66 In that case Starr Partners managed a rental property owned by Mr and Mrs Khoury. A tenant of the property, Mr Hudson, sued the Khourys in negligence after he fell in the shower and cut himself on a glass screen. The Khourys filed a cross-claim against Starr Partners. The matter was ultimately settled with the Khourys and Starr Partners agreed to pay half of the agreed sum of damages. That case was a claim by Starr Partners against its insurer, Allianz, for indemnities against the liability incurred in the settlement.
67 Allianz sought to deny liability on the basis of exclusion clause K which stated:-
"Except as expressly provided for in the extensions, this policy shall not indemnify the insured in respect of any claim against the insured for any alleged or actual bodily injury or property damage."
68 The Court of Appeal held that the claim fell outside exclusion clause K because the claim by Starr Partners was one for contribution/indemnity against economic loss. Mr Hudson's claim against the Khourys was for bodily injury but the Khoury's claim against Starr Partners was not of that character.
69 In that case the court held that the words in the exclusion clause: "for any alleged or actual bodily injury" limited its terms to bodily injury.

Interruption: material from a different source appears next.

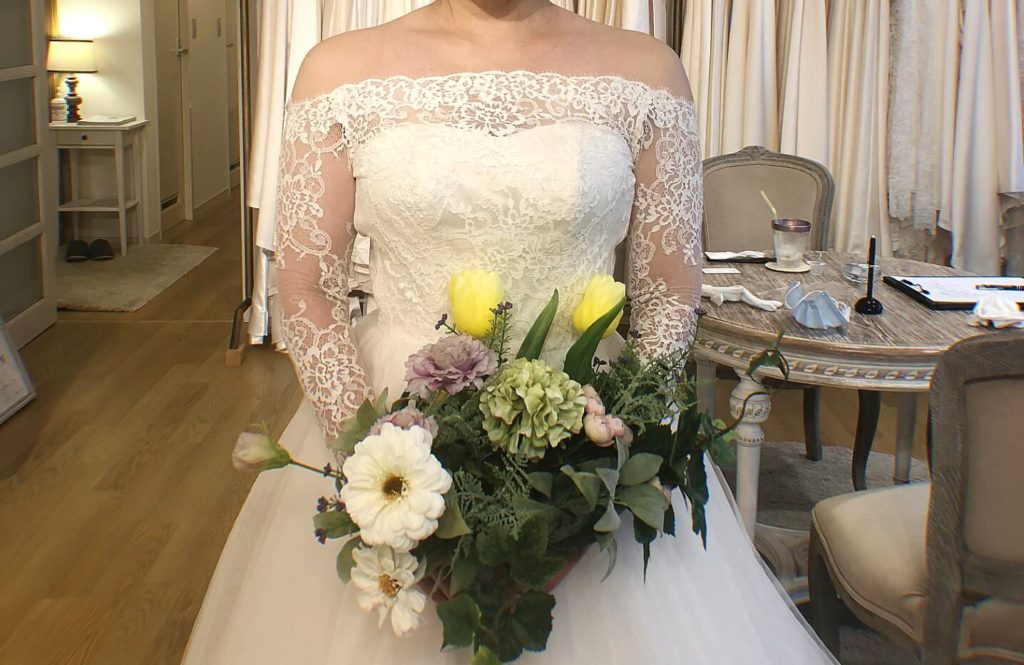 最初に試着したのはレース素材のオフショルダーが特徴のドレス。(お目汚し失礼します)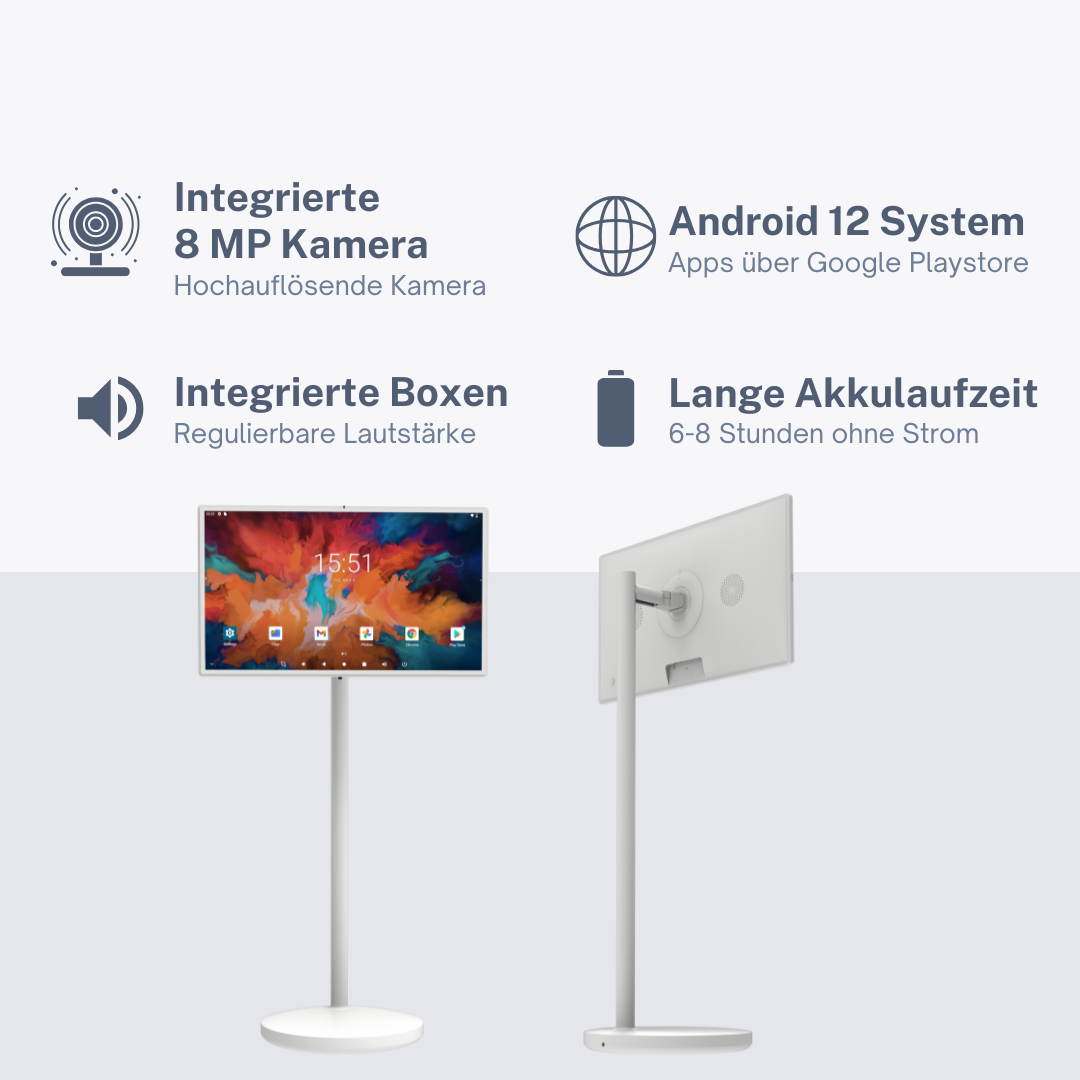 FlexiVision Pro bietet Ihnen eine umfassende Palette von Funktionen, einschliesslich eines verstellbaren Ständers, einer Whiteboard-Funktion und drahtloser Telefonprojektion. Dies macht das Produkt ideal für den Gebrauch zu Hause, in kleinen Büros oder für Werbezwecke. Die Flexibilität in der Bildschirmausrichtung und die drahtlose Konnektivität erweitern die Anwendungsmöglichkeiten erheblich.

70 In my view this case is also distinguishable from the instant case for two reasons.
71 First it was the construction of an exclusion clause which is normally read in favour of an insured. Secondly and more importantly, the only words that were relevant in that clause were "for any liability involving bodily injury or property damage." The relevant clause in that case was not as wide as the insuring clause as amplified by the definitions in the present case.
72 The next case is National Vulcan Engineering Insurance Group Limited v Pentax Pty Ltd (2004) NSWCA 218.

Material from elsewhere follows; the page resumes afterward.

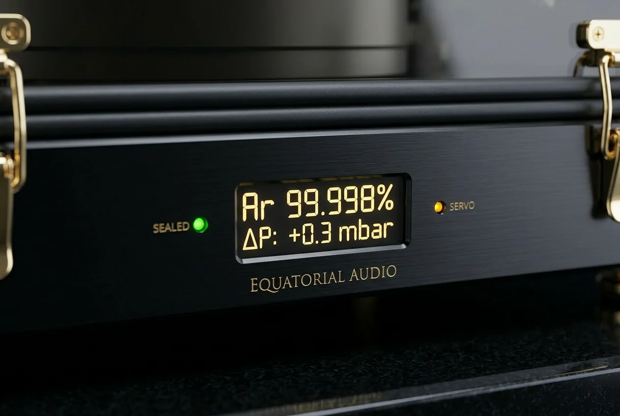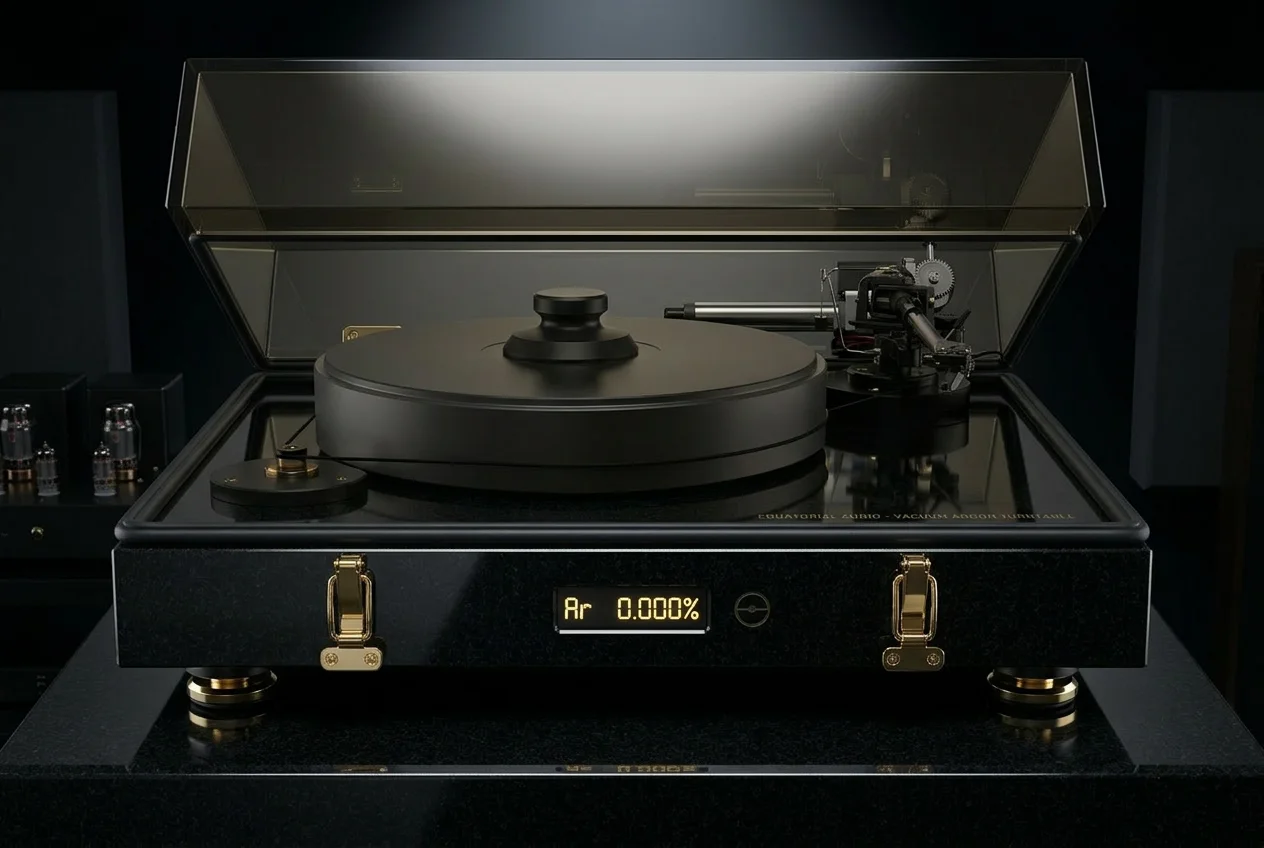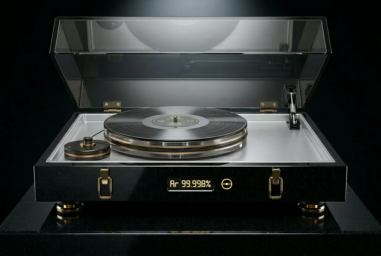 Air is the enemy of precision mechanical systems. The atmosphere surrounding a turntable platter introduces aerodynamic drag that varies with temperature, humidity, and barometric pressure, creating speed instabilities that no servo system can fully correct in real-time. Air also transmits acoustic energy from your loudspeakers directly to the record surface, creating a feedback path that colors the sound with room-dependent resonances. The Vacuum-Argon Reference Turntable addresses both problems by replacing the air around the platter with argon — an inert noble gas with superior aerodynamic properties — and sealing the bearing in a hard vacuum.

73 A worker employed by Pentax was injured while working on a building site on which was being conducted a building project by Multiplex. Vulcan had issued an insurance policy in respect of the project insuring contractors and subcontractors, including Multiplex and Pentax, in respect of certain legal liabilities.
74 The worker sued Pentax and Mulitplex. Multiplex cross-claimed against Pentax seeking an indemnity against its liability to the worker. Pentax cross-claimed against Vulcan claiming indemnity in respect of any liability it had to Multiplex. The worker's claim against Pentax and Multiplex was settled on the basis that he receive certain verdict monies.

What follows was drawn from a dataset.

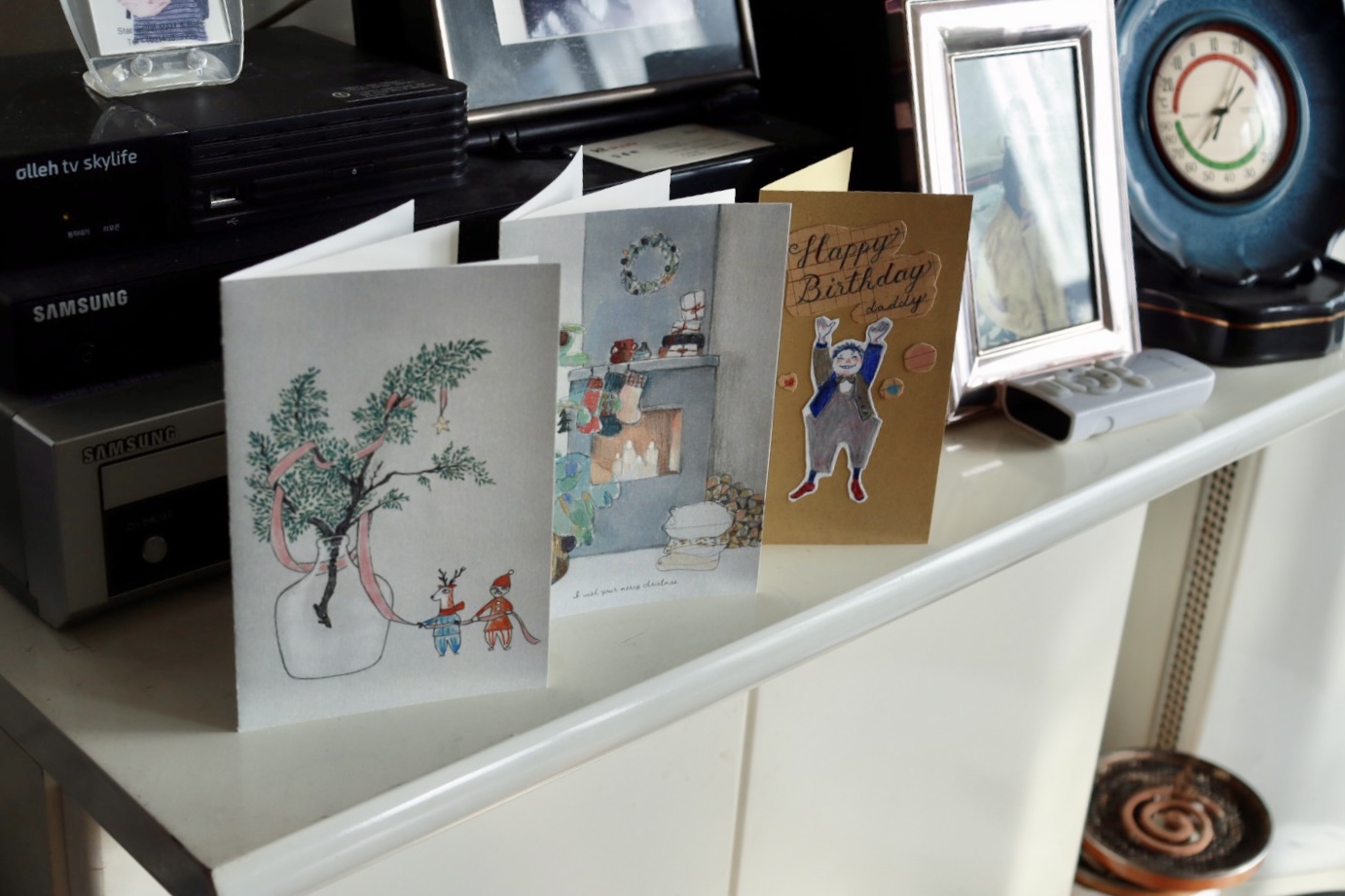 아부지가 작년 크리스마스 카드 2종 옆에 나란히 전시해 주셨다...

75 Under the subcontract between Pentax and Multiplex, Pentax agreed to indemnify Multiplex "against all loss, damages, claims, liens, actions, liabilities or proceedings whatsoever arising under any statute or at common law including claims in respect of personal injury to…any person…arising out of or in the course of or caused by breach of performance of this agreement or by the execution of the works".
76 The question was whether Vulcan was liable to indemnify Pentax in the respect of this liability.
77 The insuring clause relevantly obliged Vulcan to indemnify Pentax in respect of sums which Pentax "shall become legally obligated to pay for or in respect of…personal injury…suffered…by any person…caused by…an occurrence…in connection with" the project.
78 The insurance policy contained a relevant exclusion of "liability…for personal injury sustained by any person arising out of and in the course of his/her employment by the insured…where claims for such personal injury are brought directly against the insured by an employee of that insured".
79 At paragraphs 11 and 12 of his judgment Hodgson JA said:-
"11. I note that Vulcan's main argument was that Pentax's liability to Multiplex was not a sum which Pentax became legally obligated to pay for or in respect of personal injury, because Pentax's liability to Multiplex was pursuant to a contractual indemnity. In my opinion, this liability was a sum which Pentax was legally obligated to pay "for or in respect of" personal injury; but this was so only because the width of the words "in respect of". Had the indemnity been limited to sums which Pentax was legally obligated to pay "for" personal injury, this wording would not in my opinion have extended to a contractual liability to indemnify Multiplex for its liability for the worker's personal injury.